Mixture model with multiple allocations for clustering spatially correlated observations in the analysis of ChIP ‐Seq data

Model‐based clustering is a technique widely used to group a collection of units into mutually exclusive groups. There are, however, situations in which an observation could in principle belong to more than one cluster. In the context of next‐generation sequencing (NGS) experiments, for example, the signal observed in the data might be produced by two (or more) different biological processes operating together and a gene could participate in both (or all) of them. We propose a novel approach to cluster NGS discrete data, coming from a ChIP‐Seq experiment, with a mixture model, allowing each unit to belong potentially to more than one group: these multiple allocation clusters can be flexibly defined via a function combining the features of the original groups without introducing new parameters.
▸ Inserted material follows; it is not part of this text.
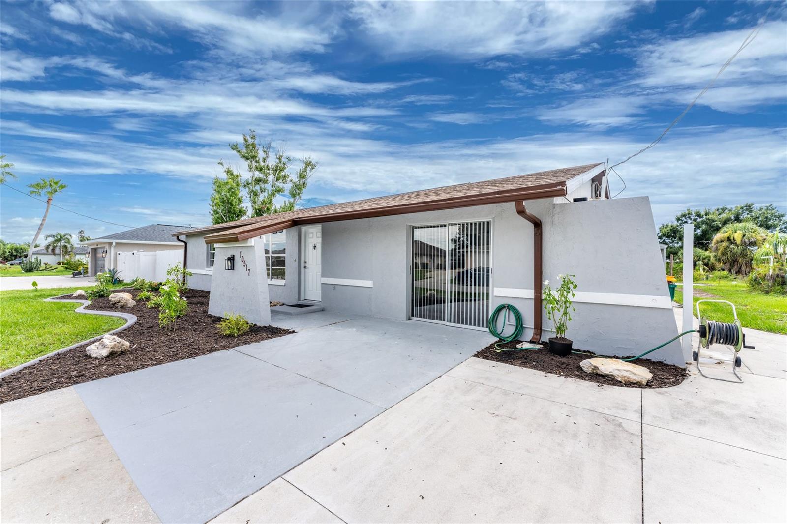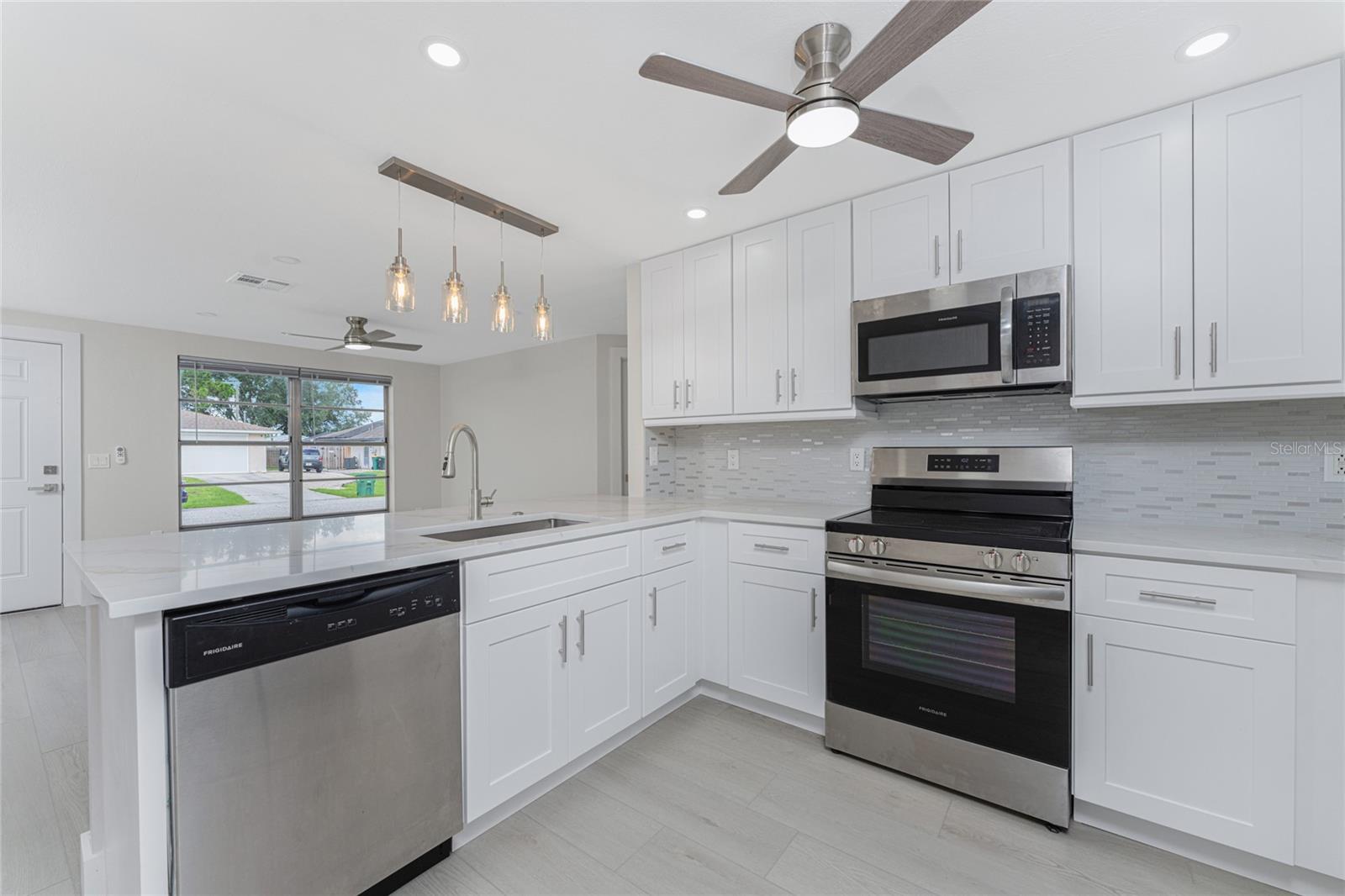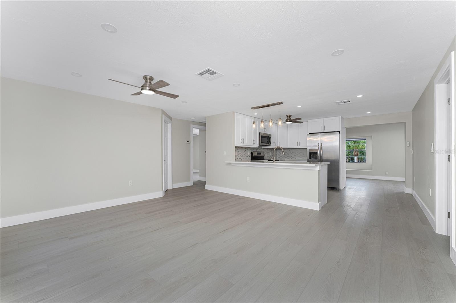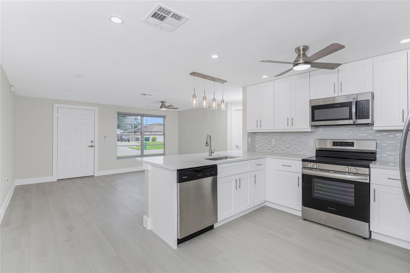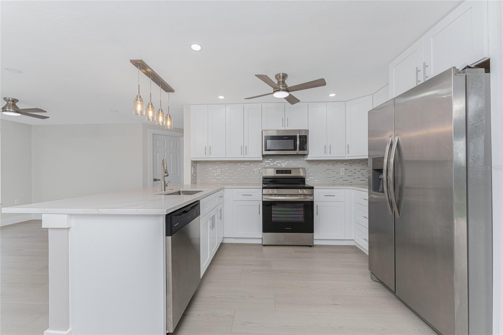 One or more photo(s) has been virtually staged. Beautifully remodeled 3bed/2bath home with split floor plan and dedicated owners suite that is NOT IN A FLOOD ZONE! This home has been completely renovated; new shaker kitchen cabinets, appliances and gorgeous quartz counter tops. Both bathrooms remodeled with new vanities, quartz countertops, porcelain tile and plenty of lighting. Inside laudry room with washer and dryer. Pull down stairs with attic storage. Entire home has freshly installed luxury vinyl flooring, paint, baseboards and recessed lighting. Large bonus room leads out to your expansive backyard where you can enjoy a gazebo and huge shed. Walk out to your new dock overlooking a freshwater canal where you can launch a kayak, fish or just relax and take in the peace and quiet. New exterior paint and vinyl siding complete the lushly landscaped yard. Plenty of parking for 4 vehicles. This home is turnkey ready. Come and experience the finest in florida living!

The formulation naturally gives rise to a ‘zero‐inflation group’ in which values close to zero can be allocated, acting as a correction for the abundance of zeros that manifest in this type of data. We take into account the spatial dependency between observations, which is described through a latent conditional autoregressive process that can reflect different dependency patterns. We assess the performance of our model within a simulation environment and then we apply it to ChIP‐seq real data.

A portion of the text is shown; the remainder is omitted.